Though unlikely, it could be that the only gameplay we need can take place in the 3D virtual environment; we can bypass webpages, images, audio, and live action video. Chances are, however, that gameplay we envision in a 3D space will also require the use of lower bandwidth media. The combination will enrich the experience—and the gameplay—even further. A printed Briefing Kit greatly enhanced the participant experience in the 3D virtual world of the Leaders simulation.

Because any simulation environment is costly and complex to develop, you’ll especially wish to avoid choosing an environment you don’t need, and which gives you gameplay features you’re not planning on using. For example, if user avatar spatial navigation isn’t critical to interactivity, then choosing a realtime 3D environment for development and delivery is inappropriate. If sensory stimuli are unnecessary, then you should stay away from any virtual reality considerations.

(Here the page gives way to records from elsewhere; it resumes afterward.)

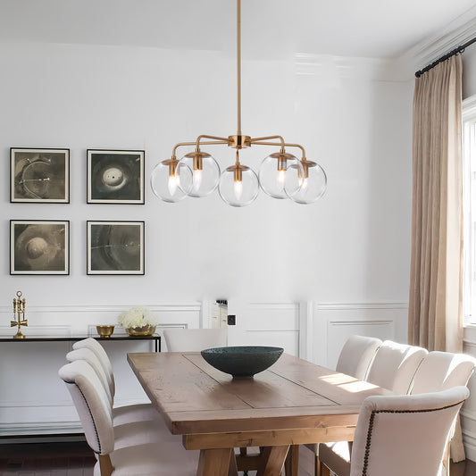 Mid-Century Glass Globe Bubble Round Chandelier, Futuristic Gold Light (five light)
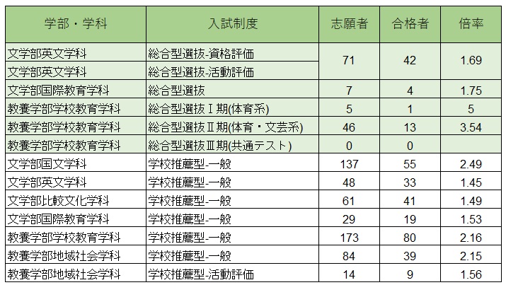 以下の表は総合型選抜と学校推薦型選抜の入試結果です。都留文科大学のHPを見ると、総合型選抜の英文学科と国際教育学科は受験者と合格者が同数になっています。これは、志願者がエントリー試験を受け、それに合格した者のみが正式に出願できるという形式をとっているためです。
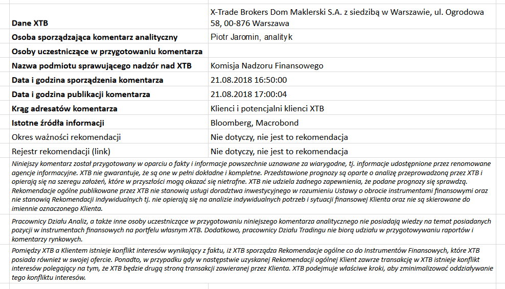 Ta publikacja handlowa jest informacyjna i edukacyjna. Nie jest rekomendacją inwestycyjną ani informacją rekomendującą lub sugerującą strategię inwestycyjną. W materiale nie sugerujemy żadnej strategii inwestycyjnej ani nie świadczymy usługi doradztwa inwestycyjnego. Materiał nie uwzględnia indywidualnej sytuacji finansowej, potrzeb i celów inwestycyjnych klienta. Nie jest też ofertą sprzedaży ani subskrypcji. Nie jest zaproszeniem do nabycia, reklamą ani promocją jakichkolwiek instrumentów finansowych. Publikację handlową przygotowaliśmy starannie i obiektywnie. Przedstawiamy stan faktyczny znany autorom w chwili tworzenia dokumentu. Nie umieszczamy w nim żadnych elementów oceniających. Informacje i badania oparte na historycznych danych lub wynikach oraz prognozy nie stanowią pewnego wskaźnika na przyszłość. Nie odpowiadamy za Twoje działania lub zaniechania, zwłaszcza za to, że zdecydujesz się nabyć lub zbyć instrumenty finansowe na podstawie informacji z tej publikacji handlowej. Nie odpowiadamy też za szkody, które mogą wynikać z bezpośredniego czy też pośredniego wykorzystania tych informacji. Inwestowanie jest ryzykowne. Inwestuj odpowiedzialnie.

Ideally, you’ll exploit the appropriate media types—and the gameplay they deliver—for your platform of choice. The challenges that any platform presents in deployment should be challenges you need to meet. Choosing a platform because it’s “sexy” or “exciting” or “hot” is a first step toward failure. Not all gameplay and all simulations require real-time synchronicity. No game is more asynchronous than chess, yet its level of difficulty, its addictiveness, and its user immersion are enormous.

GAMEPLAY ISN’T EVERYTHING

Although gameplay is critical, it is not the only determinant for which delivery platform to select. Issues arising in building the immersive environment will be discussed in the following chapters. You may need to balance the needs of gameplay with production, budget and personnel needs. All these elements should factor into the final selection of media and platform.

SUMMARY

Gameplay will breathe life into any simulation. Without compelling and immersive gameplay, the best story-driven simulation will fall flat and fail to impart desired training and pedagogy to the user. Breaking down gameplay into basic components will help in designing and developing gameplay. Often, we overlook what really is at the core of good gameplay. The more we understand the components of gameplay, the better we can calibrate their use to create emotion and user investment, and the better we can synch up gameplay to narrative. Once we know what gameplay we’d like, we can begin to select the right media and the right platform for our simulation. Gameplay alone won’t determine the final selection of platform, but no factor should have greater weight.